I Read Every Line of NemoClaw. Here's What NVIDIA Actually Built.

nemoclawopenclawnvidiasecurityagents

Jensen Huang walked onto the GTC stage and said every company needs an OpenClaw strategy. Then NVIDIA shipped NemoClaw — an open-source stack that promises to make always-on AI agents safe for enterprise.

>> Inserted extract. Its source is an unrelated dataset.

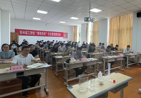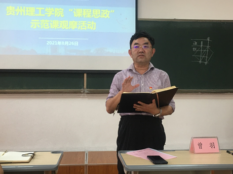 (本网讯 图/姚楠;文/吕婕梅;技术支持/曾劼)为持续开展好党史学习教育,进一步推进学校课程思政建设工作,并提高教师对课程思政的理论认识及教学实操能力,2021年8月26日下午,贵州理工学院在蔡家关校区第二教学楼213教室开展“课程思政”示范课观摩活动,此次活动由分管教学副校长张开智主持,乐游棋牌曾羽、胡兴灿、林长松、校长助理莫立坡出席活动,各教学单位分管教学副院长(副主任)、教研室主任及教师代表参加了活动。

I run 18 AI agents on a Mac mini using OpenClaw. I've hit the security problems NemoClaw claims to solve. So I cloned the repo and read every file.

Here's what I found.

What NemoClaw Actually Is

Strip the marketing and NemoClaw is three things:

An interactive installer (967 lines of JavaScript) that detects your hardware, picks an inference provider, and wires everything together
A policy YAML file (168 lines) that declares what the agent can and can't do
Glue code that shells out to two closed-source NVIDIA binaries: OpenShell and NIM

NemoClaw itself is ~9,000 lines of JavaScript, ~3,200 lines of TypeScript, and ~3,000 lines of shell scripts. The actual security enforcement? That lives in OpenShell — a closed-source binary you download from GitHub Releases.

In one sentence: NemoClaw is docker-compose with a setup wizard, specialised for running OpenClaw inside NVIDIA's sandbox runtime.

The Architecture

┌─────────────────────────────────────────────┐
│ HOST                                         │
│                                              │
│  nemoclaw CLI (Node.js wizard)               │
│                                              │
│  ┌────────────────────────────────────────┐  │
│  │ OpenShell (closed-source)              │  │
│  │  ├── k3s inside Docker                 │  │
│  │  ├── Egress proxy (inference.local)    │  │
│  │  ├── Policy engine                     │  │
│  │  └── Web TUI dashboard                 │  │
│  │                                        │  │
│  │  ┌──────────────────────────────────┐  │  │
│  │  │ SANDBOX (node:22-slim)           │  │  │
│  │  │  ├── OpenClaw CLI                │  │  │
│  │  │  ├── NemoClaw plugin             │  │  │
│  │  │  └── Your agents run here        │  │  │
│  │  │                                  │  │  │
│  │  │  Network: deny-all + allowlist   │  │  │
│  │  │  Filesystem: /sandbox + /tmp     │  │  │
│  │  └──────────────────────────────────┘  │  │
│  └────────────────────────────────────────┘  │
│                                              │
│  Optional: NIM / Ollama / vLLM               │
└─────────────────────────────────────────────┘

The key architectural trick is the inference proxy. Your agent calls https://inference.local/v1 — a fake hostname that OpenShell intercepts and routes to the real provider with injected credentials. The agent never touches API keys or external endpoints directly.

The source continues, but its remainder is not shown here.